■ **TASK**: Beginning at the first line of the material, output each line exactly until you reach and include the line containing "Lucca White Gloss". Leave every picture out.

■ **GIVEN INFORMATION**:
════
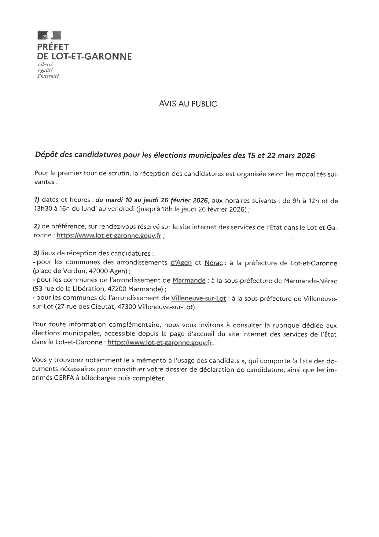 Accueil > Évènements > Actualité > Dépôt des candidatures pour les élections municipales des 15 et 22 mars 2026
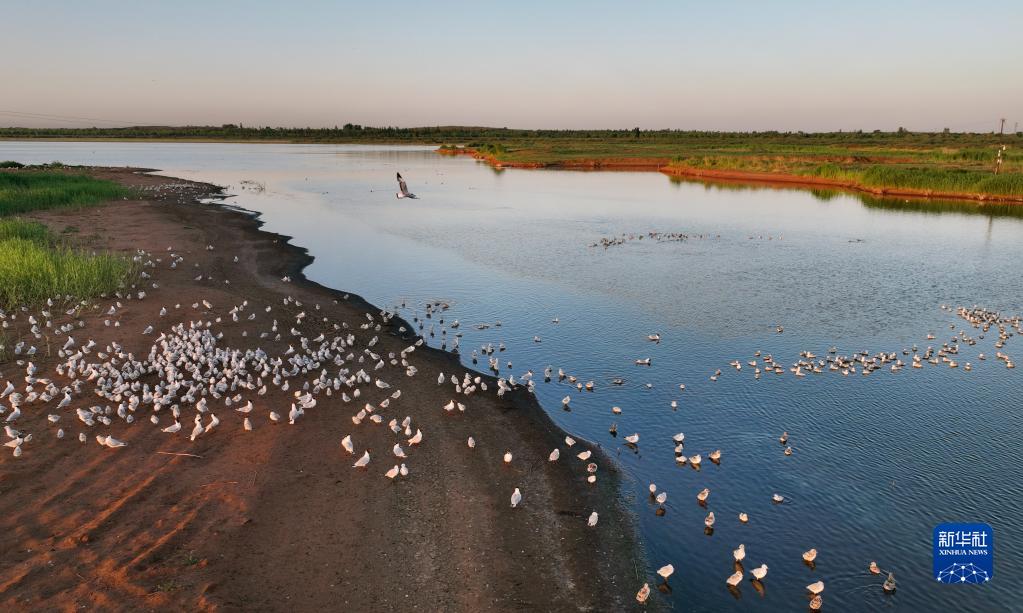 朝霞中的红碱淖鸟岛(6月23日摄,无人机照片)。
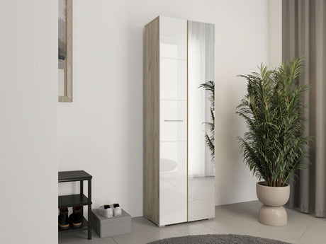 Lucca White Gloss And Oak Effect Slim Narrow Shallow Depth Wardrobe - 11008560
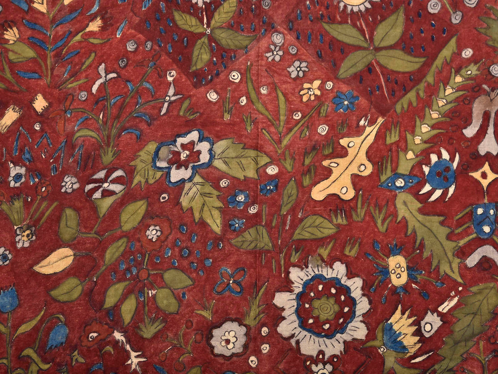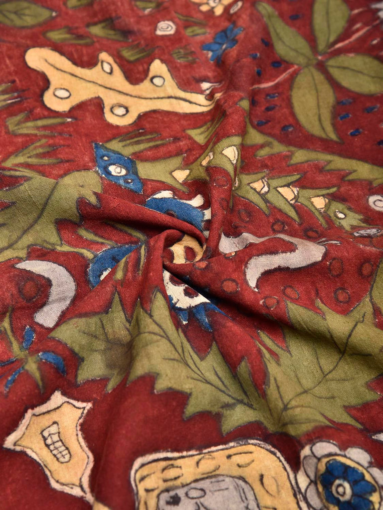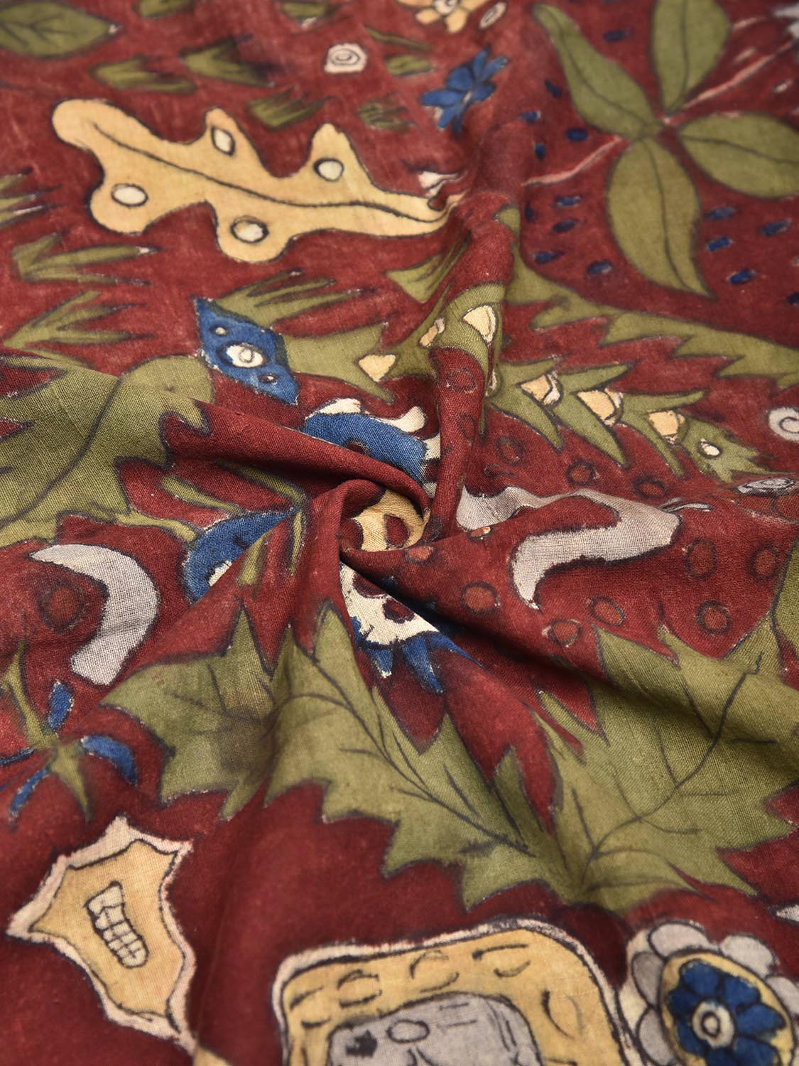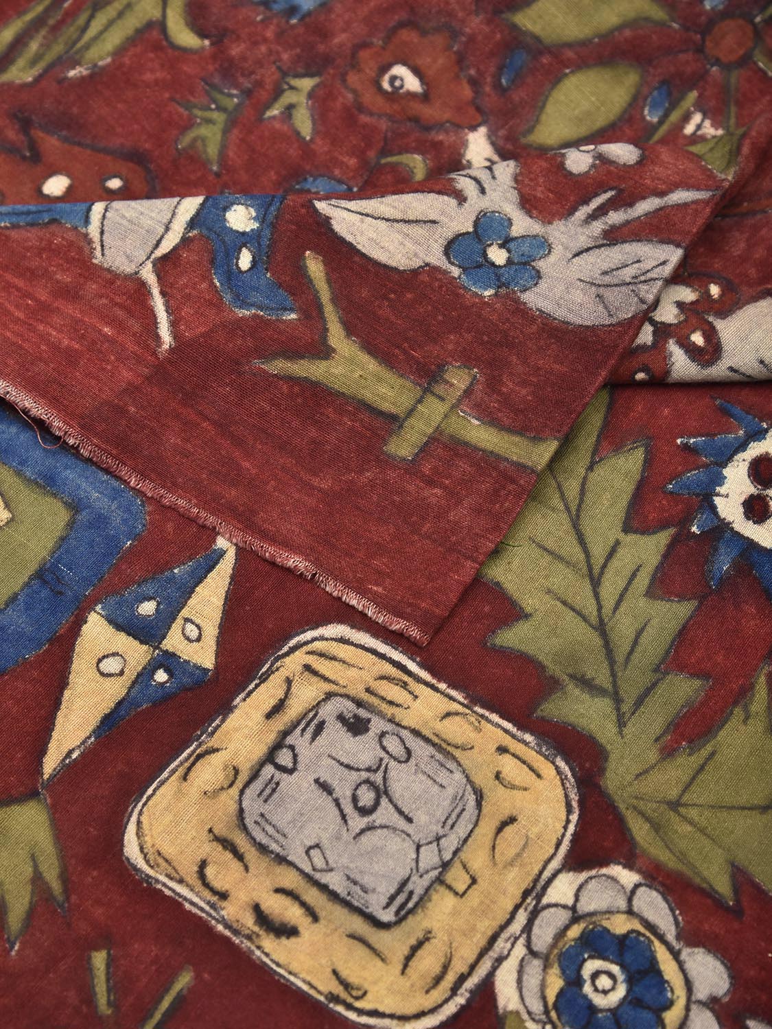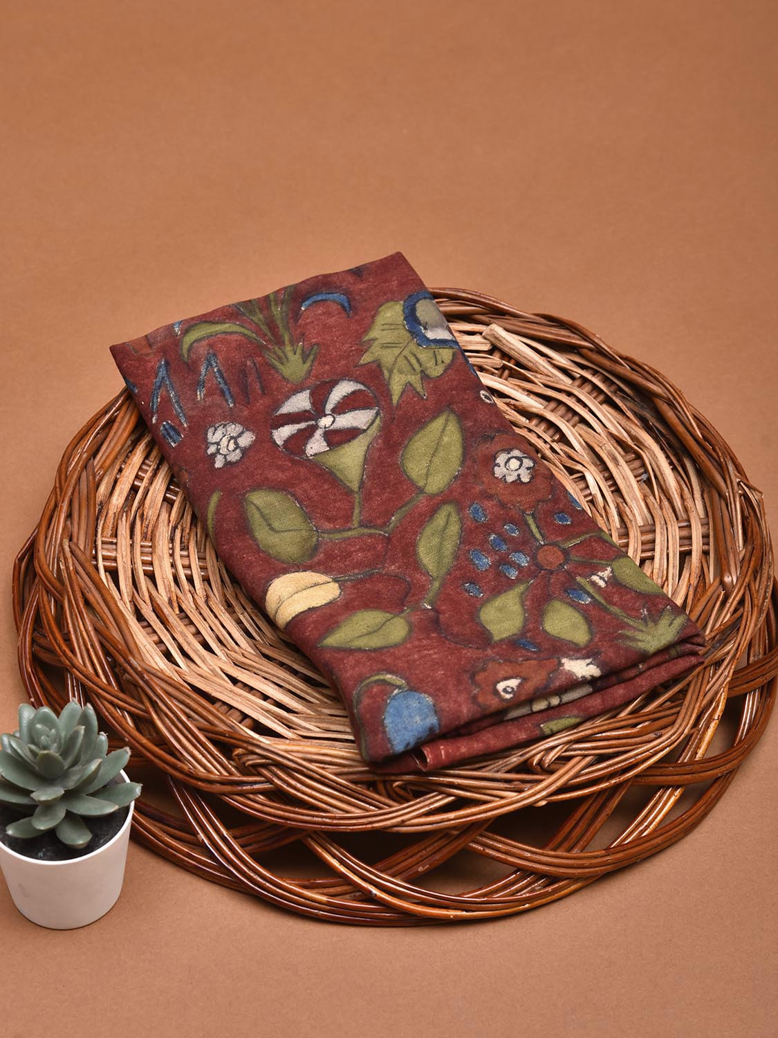 Dark Red Kalamkari Hand Painted Sico Blouse with Big Floral Design 1mt Length 35 Inches Width. This hand painted kalamkari is done using natural dyes. As they are natural colors they bleed with initial washes, so we suggest Dry clean.
════
■ **RESULT OF THIS TASK**:
 Accueil > Évènements > Actualité > Dépôt des candidatures pour les élections municipales des 15 et 22 mars 2026
 朝霞中的红碱淖鸟岛(6月23日摄,无人机照片)。
 Lucca White Gloss And Oak Effect Slim Narrow Shallow Depth Wardrobe - 11008560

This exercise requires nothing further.